Role of tumor necrosis factor species in the sequence-dependent effects of interleukin-2--tumor necrosis factor immunotherapy in mice: implications for preclinical cytokine testing.

We previously demonstrated that recombinant human tumor necrosis factor (hTNF) is synergistic with human interleukin-2 (hIL-2) for in vivo regression of murine tumors. In mice, the timing of cytokine administration is critical in achieving synergy. Because hTNF exhibits negligible binding to the type II murine TNF receptor (TNF-R), we questioned whether murine TNF (mTNF) would have therapeutic benefits, scheduling requirements, and toxic effects similar to those of the hIL-2-hTNF combination.
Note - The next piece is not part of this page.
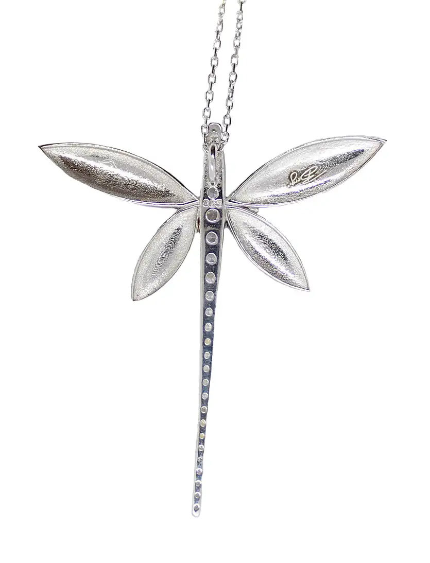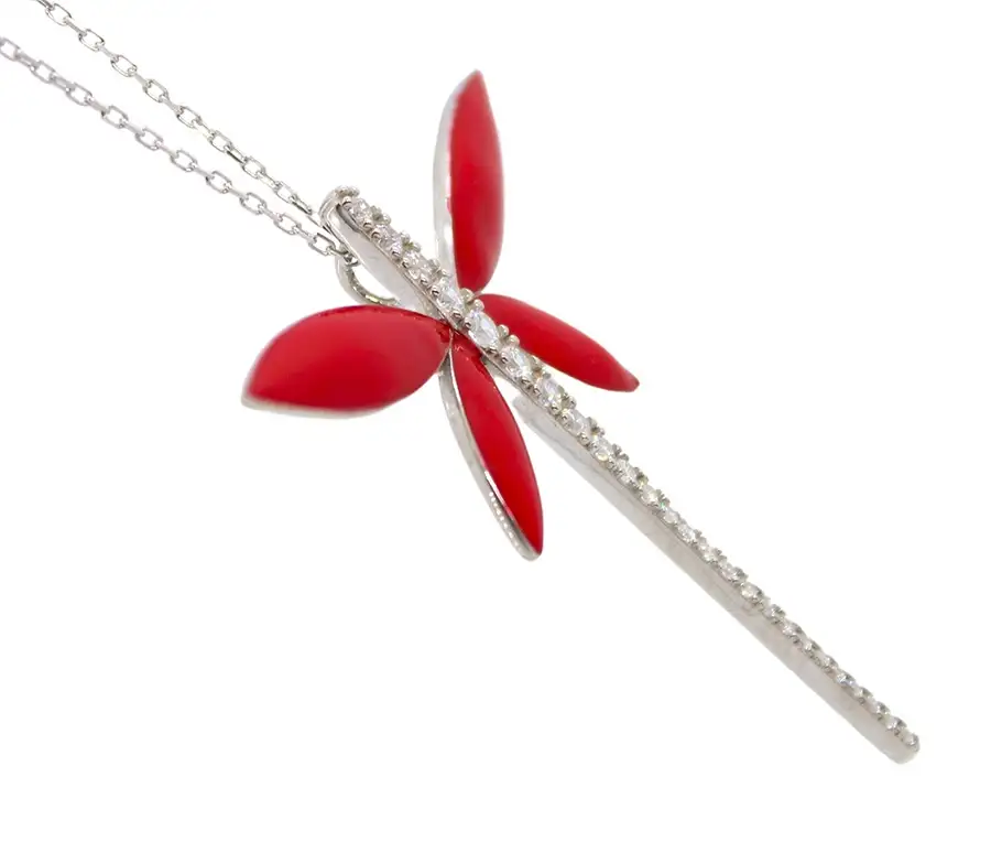 Sterling silver Bergio-designed beautiful and whimsical dragonfly with CZs and colorful red enamel wings.
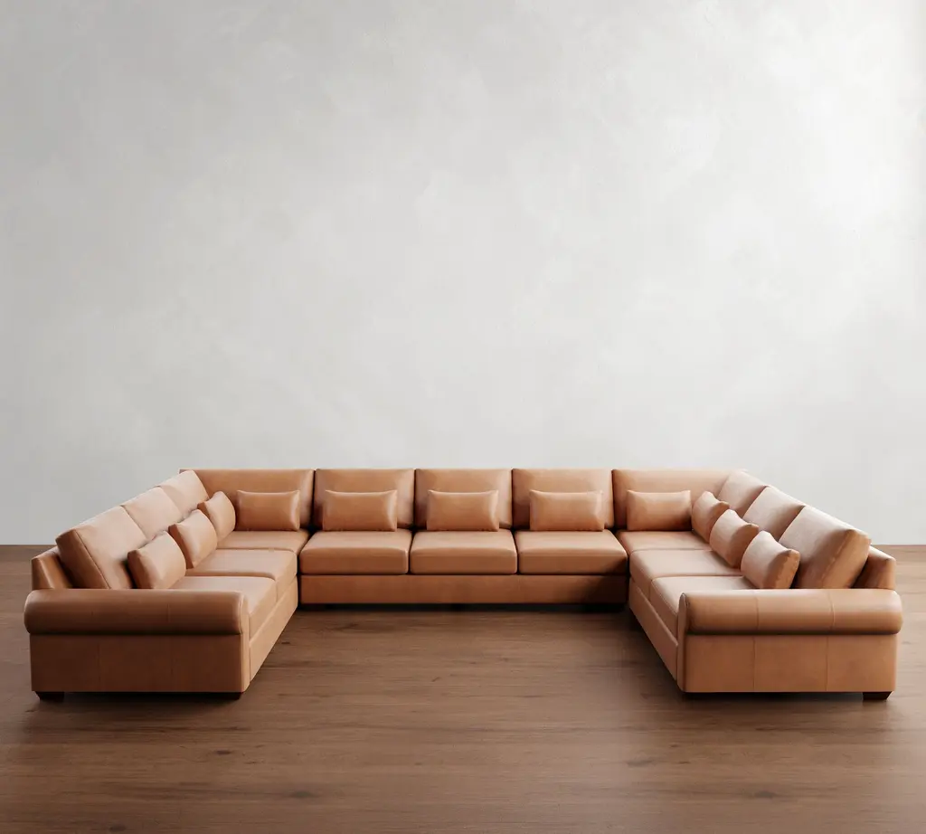 Big Sur Roll Arm Deep Seat Leather U-Shaped Sectional (159"–191")

To evaluate the biological effects of TNF-R types I and II interaction, we directly compared the effects of mTNF and hTNF in combination with hIL-2 on in vivo tumor regression and in vitro activation of murine splenocytes. Our results demonstrate for the first time that (a) the cytokine combination hTNF-hIL-2 is consistently more efficacious than mTNF-hIL-2 in in vivo murine immunotherapy models; (b) the in vivo antitumor effects of hTNF-hIL-2 and not mTNF-hIL-2 are critically dependent upon cytokine scheduling; and (c) in vitro culture of splenocytes with mTNF-hIL-2 enhances cellular proliferation, Lyt 2, and TNF-RI expression compared with hTNF-hIL-2. Collectively, these studies extend the previous findings of species-specific mTNF-R responses and reveal that optimal scheduling and efficacy of TNF-hIL-2 combination therapy in murine tumor models is critically dependent upon the TNF species employed.